START SUPPLIED ENTRIES

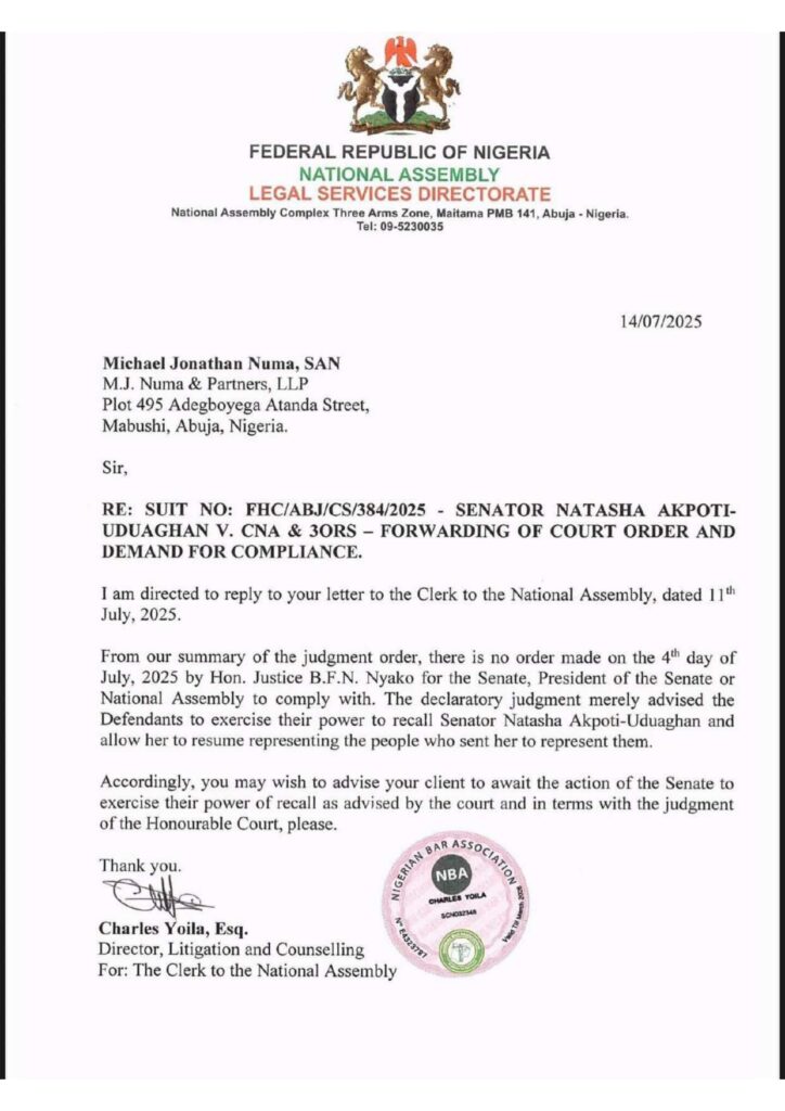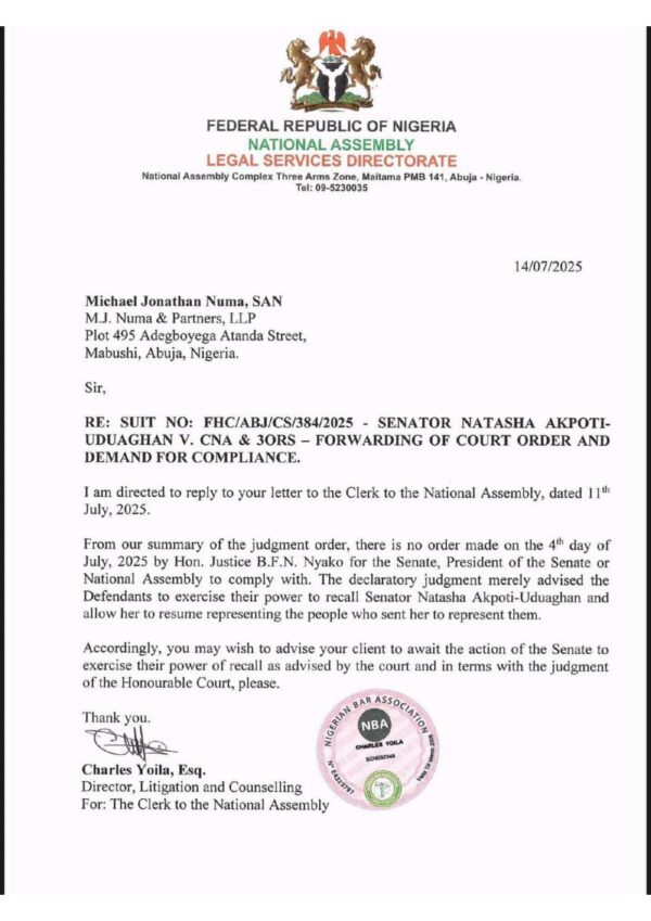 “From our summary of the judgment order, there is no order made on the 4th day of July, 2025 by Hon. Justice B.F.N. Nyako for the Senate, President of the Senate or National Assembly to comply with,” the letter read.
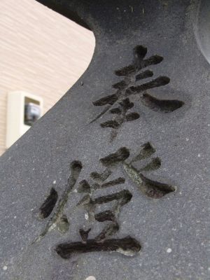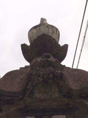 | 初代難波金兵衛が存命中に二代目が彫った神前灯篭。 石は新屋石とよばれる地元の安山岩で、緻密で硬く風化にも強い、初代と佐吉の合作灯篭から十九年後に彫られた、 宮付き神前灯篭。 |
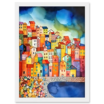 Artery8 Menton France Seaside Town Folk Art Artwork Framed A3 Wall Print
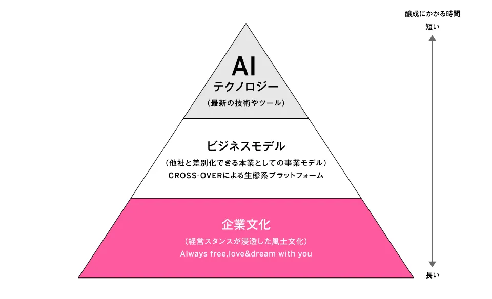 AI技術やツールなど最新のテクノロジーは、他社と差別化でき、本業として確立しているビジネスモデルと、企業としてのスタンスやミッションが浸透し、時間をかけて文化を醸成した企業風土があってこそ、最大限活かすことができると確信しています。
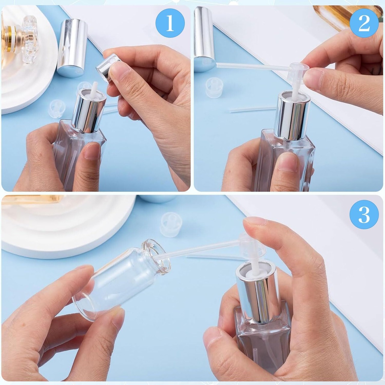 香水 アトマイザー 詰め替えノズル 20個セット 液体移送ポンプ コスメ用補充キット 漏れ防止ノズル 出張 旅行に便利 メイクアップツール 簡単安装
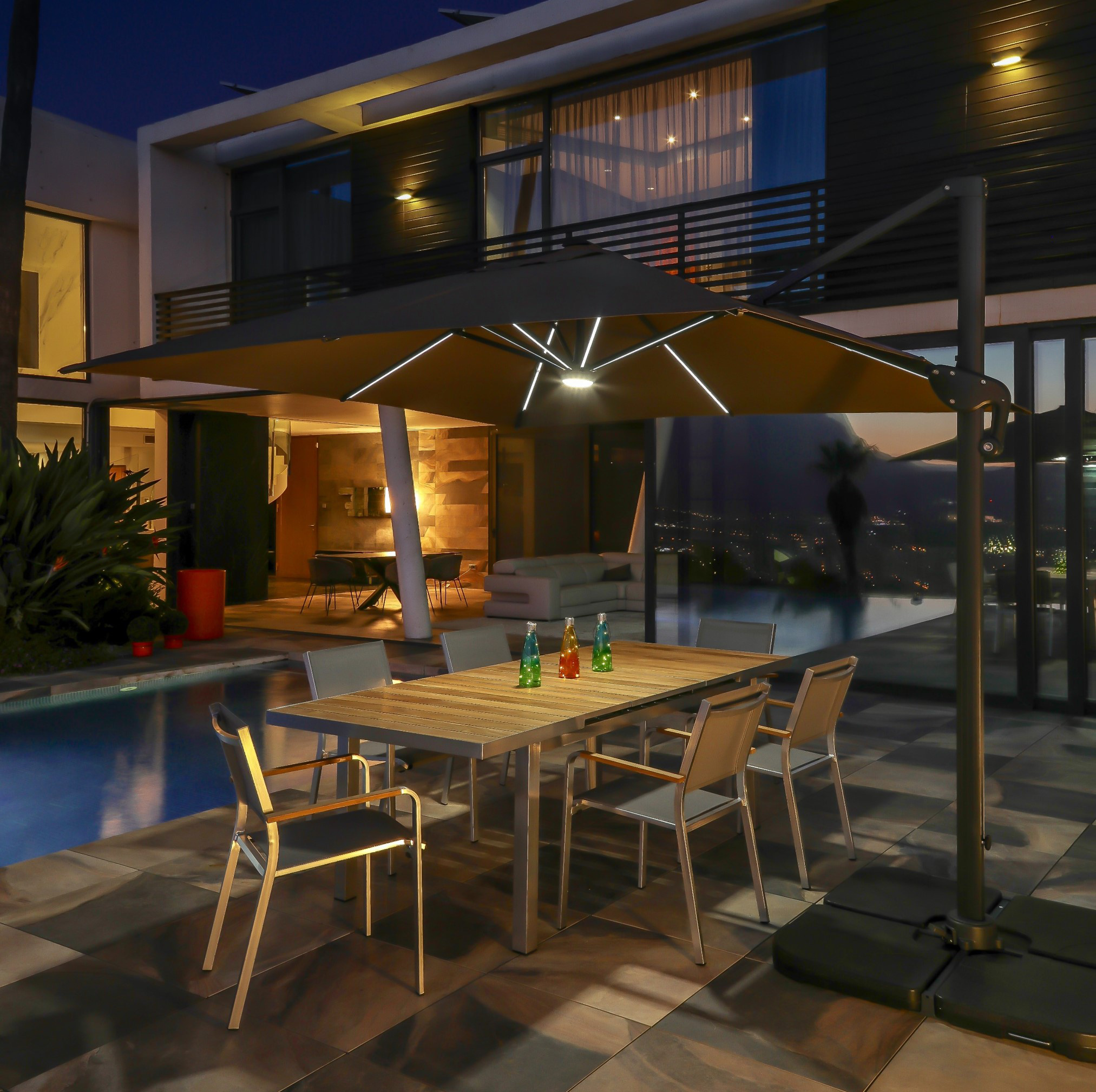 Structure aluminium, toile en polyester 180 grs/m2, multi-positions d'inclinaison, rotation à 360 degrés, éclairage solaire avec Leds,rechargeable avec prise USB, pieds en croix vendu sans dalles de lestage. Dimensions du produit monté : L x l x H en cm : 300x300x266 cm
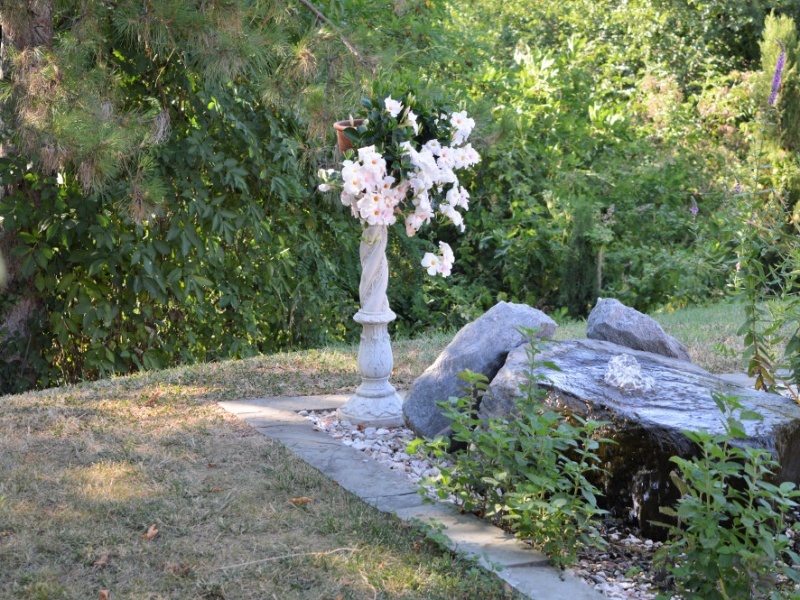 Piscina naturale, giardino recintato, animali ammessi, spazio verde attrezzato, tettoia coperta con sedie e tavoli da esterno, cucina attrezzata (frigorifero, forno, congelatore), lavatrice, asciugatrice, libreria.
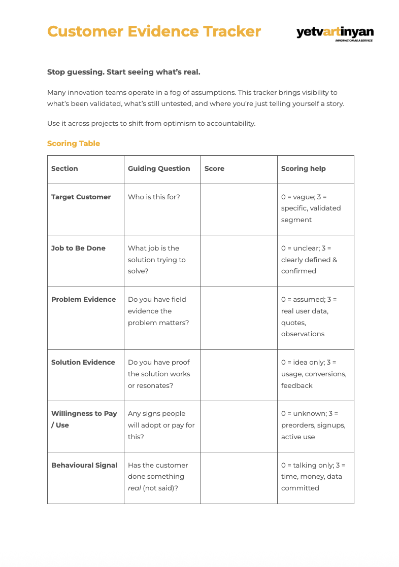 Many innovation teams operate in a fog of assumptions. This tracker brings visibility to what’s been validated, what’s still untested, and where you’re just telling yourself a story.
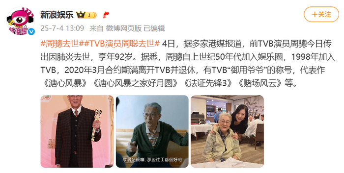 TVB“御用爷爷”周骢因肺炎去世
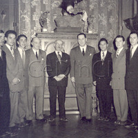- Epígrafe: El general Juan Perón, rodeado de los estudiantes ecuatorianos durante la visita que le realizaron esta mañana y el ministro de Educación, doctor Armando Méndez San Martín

END SUPPLIED ENTRIES

Leaving out the pictures, please output the lines in the entries above from the one with "Structure aluminium, toile" through the one with "Piscina naturale, giardino", exactly as they are.

- RESPONSE -
 Structure aluminium, toile en polyester 180 grs/m2, multi-positions d'inclinaison, rotation à 360 degrés, éclairage solaire avec Leds,rechargeable avec prise USB, pieds en croix vendu sans dalles de lestage. Dimensions du produit monté : L x l x H en cm : 300x300x266 cm
 Piscina naturale, giardino recintato, animali ammessi, spazio verde attrezzato, tettoia coperta con sedie e tavoli da esterno, cucina attrezzata (frigorifero, forno, congelatore), lavatrice, asciugatrice, libreria.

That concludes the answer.